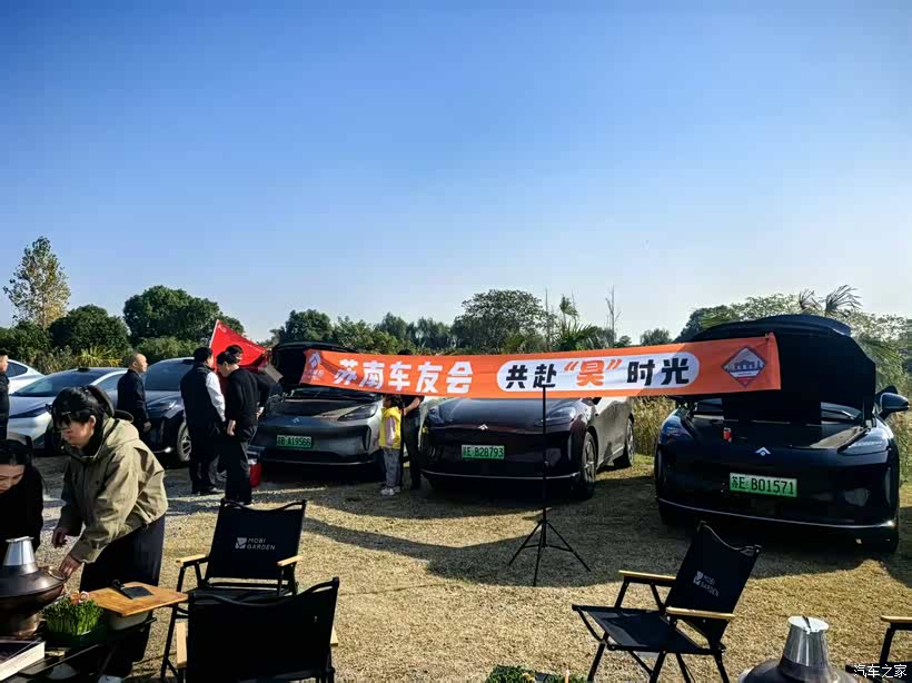 傍晚时分,昊铂车队沿着乡间小路缓缓驶入营地,“流畅弧光裹着锋芒” 的车身在夕阳下格外耀眼。车友们默契分工,搭帐篷、备食材,弹夹电池带来的外放电功能派上大用场,煮茶、烤肉一气呵成,欢声笑语间,露营地成了热闹的 “昊铂家园”。
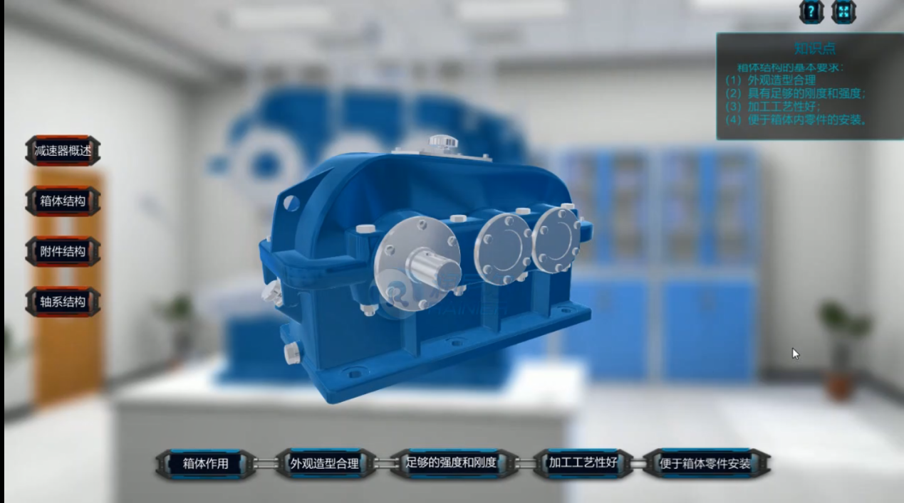 2、箱體介紹通過對箱體的3d模擬,學生可以通過360全角度扭轉(zhuǎn),對箱體結(jié)構(gòu)進行立體化觀察
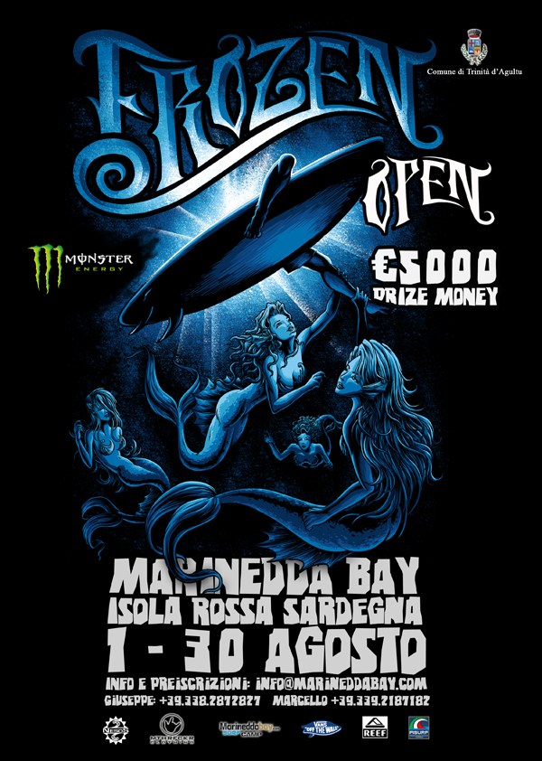 Il Frozen Open è presentato da Monster Energy e ha lo sponsor di Frozen Clothing, Nesos, Motherfucker, Vans, Reef e Marinedda Bay surf camp. Ha il patrocinio della federazione di surf da onda Fisurf e del Comune di Trinità d’Agultu. L’organizzazione è affidata al Nesos surf Club di Giuseppe Romano, Marcello Chessa e Fabio Di Molfetta. Il sito ufficiale della manifestazione, con tutte le gallery fotografiche dei contest precedenti e gli aggiornamenti è www.marineddabay.com, per gli appassionati dei social network c’è il profilo facebook Frozen Open.
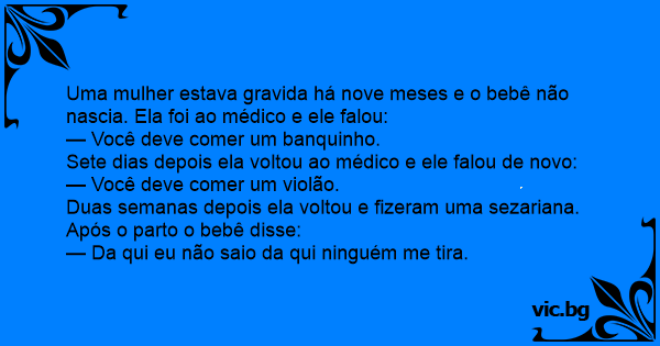 Uma mulher estava gravida há nove meses e o bebê não nascia. Ela foi ao médico e ele falou:
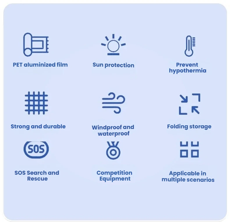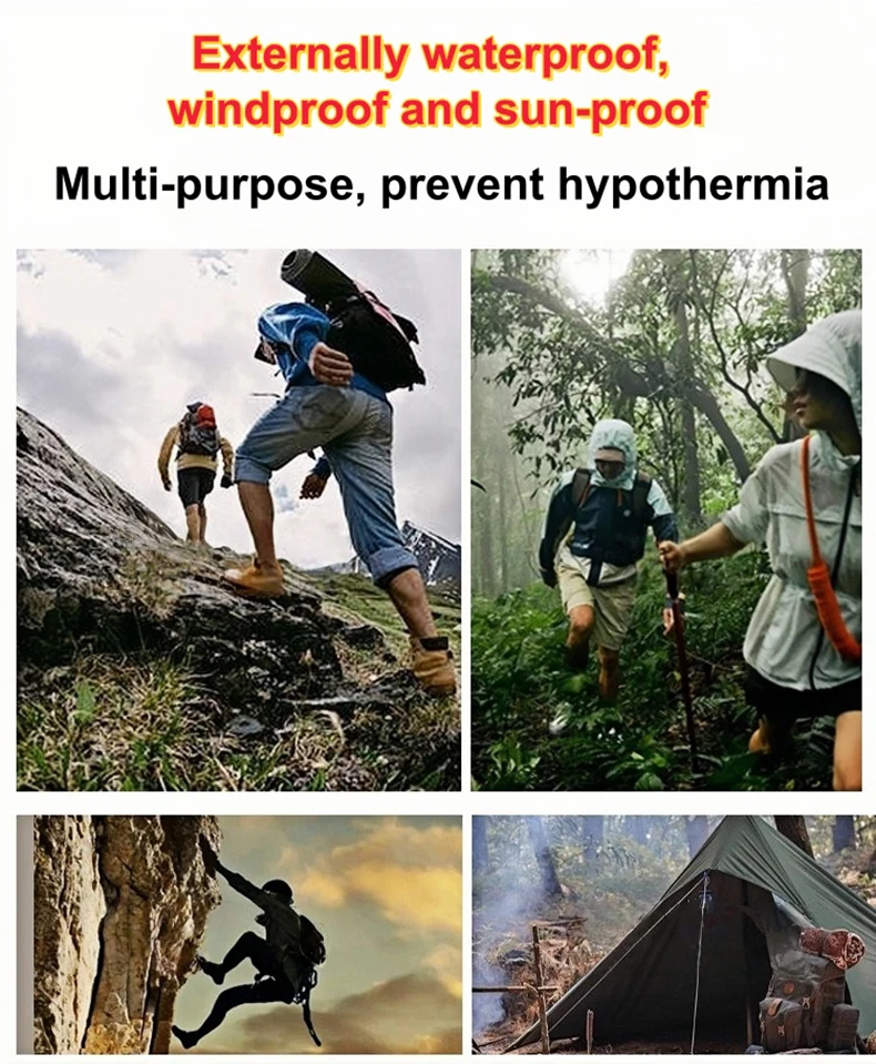 4.Heat retention in low temperatures: In cold environments, the giant space blanket can retain 80-90% of body heat, preventing it from dissipating. The strong reflection also makes it easier for rescuers to locate it. It is an indispensable tool for outdoor survival.

| Task description |
Write out the lines of the listing from the one that holds "Uma mulher estava" to the very last line, both included, exactly as they appear and without any pictures.

| Response to the task |
 Uma mulher estava gravida há nove meses e o bebê não nascia. Ela foi ao médico e ele falou:
 4.Heat retention in low temperatures: In cold environments, the giant space blanket can retain 80-90% of body heat, preventing it from dissipating. The strong reflection also makes it easier for rescuers to locate it. It is an indispensable tool for outdoor survival.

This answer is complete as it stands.